» Task goal: Transcribe exactly, and only, the lines from the one with "Успение — рождение" through the end of the records below, including both of those lines. Skip all pictures.

» Excerpted records:
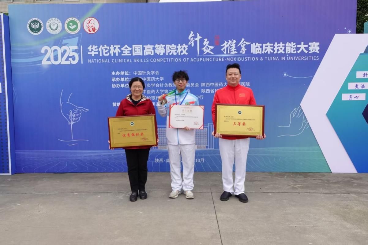 近日,由中国针灸学会主办、陕西中医药大学承办的2025年全国高等院校针灸推拿临床技能大赛上,我校代表队凭借扎实的理论功底、精湛的实操技艺与默契的团队协作,在激烈角逐中脱颖而出,斩获团体三等奖、组织优秀奖;学生组摘得个人单项二等奖2项、三等奖1项;临床教师组获个人单项三等奖1项,充分展现了我校在中医药教育领域的深厚底蕴与教学成果。
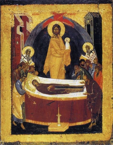 Успение — рождение в Пасхальную вечность. Там, за чертой времени, Христос встречает Свою Матерь. Иконографический образ говорит о том, что Он держит Ее душу, как младенца, на руках, как Она некогда держала на руках Его во младенчестве. Ибо именно от Нее он воспринял наше человеческое естество.
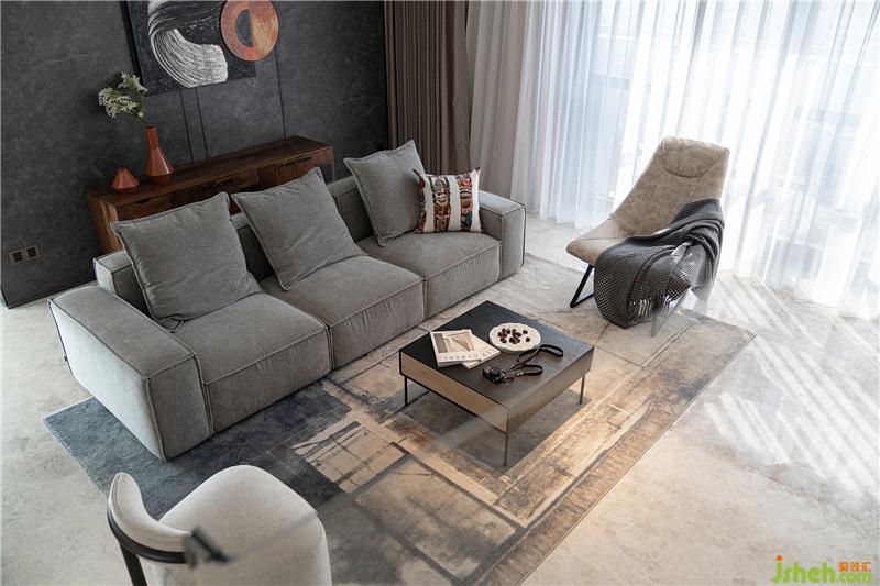 暖灰色布藝沙發(fā)和深色木制儲物茶幾、暖白色休閑椅相當搭配,款式新穎又休閑舒適,充滿美好且文藝的氣息。
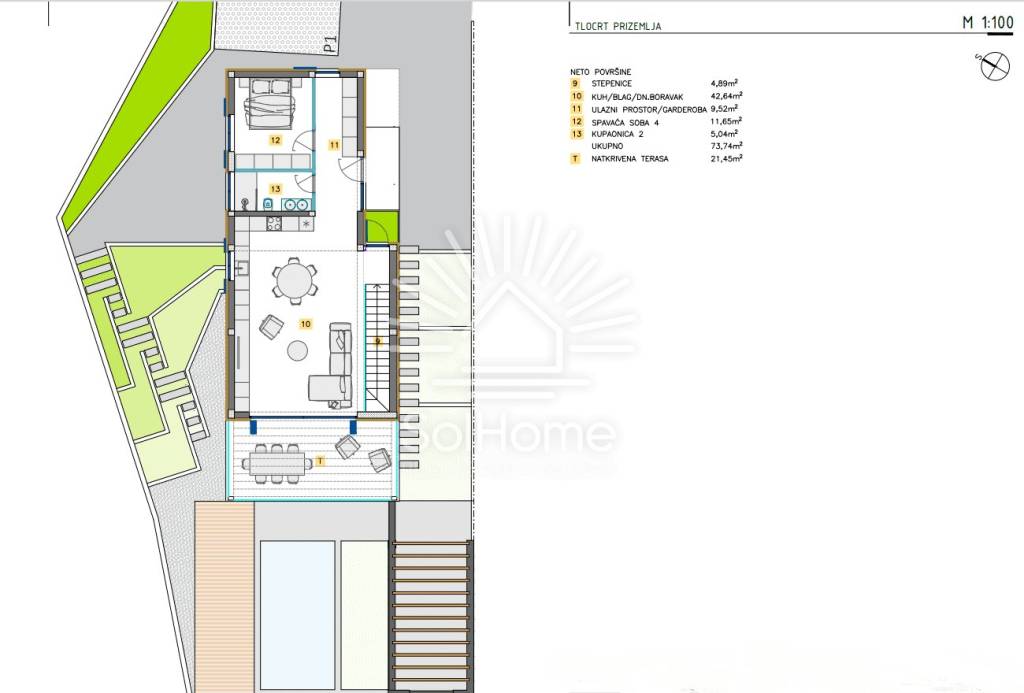 Die Häuser werden im traditionellen dalmatinischen Stil mit rustikalem Charakter errichtet. Die Fassaden werden mit Naturstein aus der Region verkleidet.
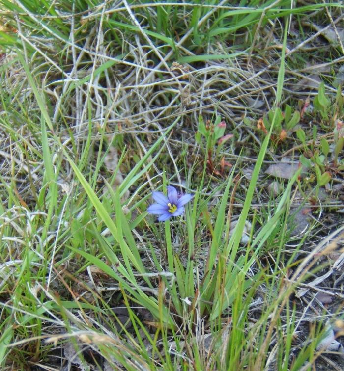 All grass is not grass. In spring, some of those green blades reveal their true identity. You look down, and a blue eye stares back at you. You have found Blue-eyed Grass, Sisyrinchium montanum Greene.
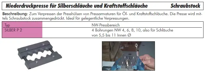 Zum Verpressen der Presshülsen von Pressarmaturen für Öl- und Kraftstoffschläuche. Die Presse wird mittels Schraubstock zusammengedrückt. Ideal für gelegentliche Verpressungen.
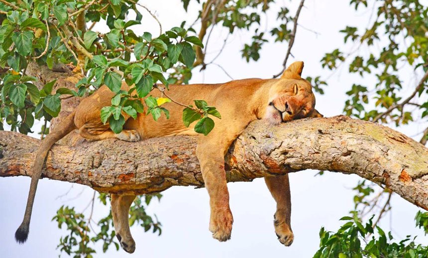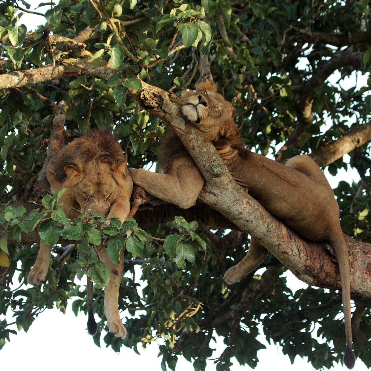 ראשית, טמפרטורה נמוכה יותר ושנית- התמודדות עם מעופפים עוקצים (בעיקר בעונה הגשומה) שלא עולים למעלה ונשארים בגובה נמוך. אין עוד מקומות בעולם פרט לאוגנדה שהתופעה הזאת קיימת. תופעה מעניינת שהאריות פיתחו היא תצפית מהעצים אל טרף פוטנציאלי וירידה ממנו רק כאשר הם בטווח מתאים למרדף.🔽

» Written answer:
 Успение — рождение в Пасхальную вечность. Там, за чертой времени, Христос встречает Свою Матерь. Иконографический образ говорит о том, что Он держит Ее душу, как младенца, на руках, как Она некогда держала на руках Его во младенчестве. Ибо именно от Нее он воспринял наше человеческое естество.
 暖灰色布藝沙發(fā)和深色木制儲物茶幾、暖白色休閑椅相當搭配,款式新穎又休閑舒適,充滿美好且文藝的氣息。
 Die Häuser werden im traditionellen dalmatinischen Stil mit rustikalem Charakter errichtet. Die Fassaden werden mit Naturstein aus der Region verkleidet.
 All grass is not grass. In spring, some of those green blades reveal their true identity. You look down, and a blue eye stares back at you. You have found Blue-eyed Grass, Sisyrinchium montanum Greene.
 Zum Verpressen der Presshülsen von Pressarmaturen für Öl- und Kraftstoffschläuche. Die Presse wird mittels Schraubstock zusammengedrückt. Ideal für gelegentliche Verpressungen.
 ראשית, טמפרטורה נמוכה יותר ושנית- התמודדות עם מעופפים עוקצים (בעיקר בעונה הגשומה) שלא עולים למעלה ונשארים בגובה נמוך. אין עוד מקומות בעולם פרט לאוגנדה שהתופעה הזאת קיימת. תופעה מעניינת שהאריות פיתחו היא תצפית מהעצים אל טרף פוטנציאלי וירידה ממנו רק כאשר הם בטווח מתאים למרדף.🔽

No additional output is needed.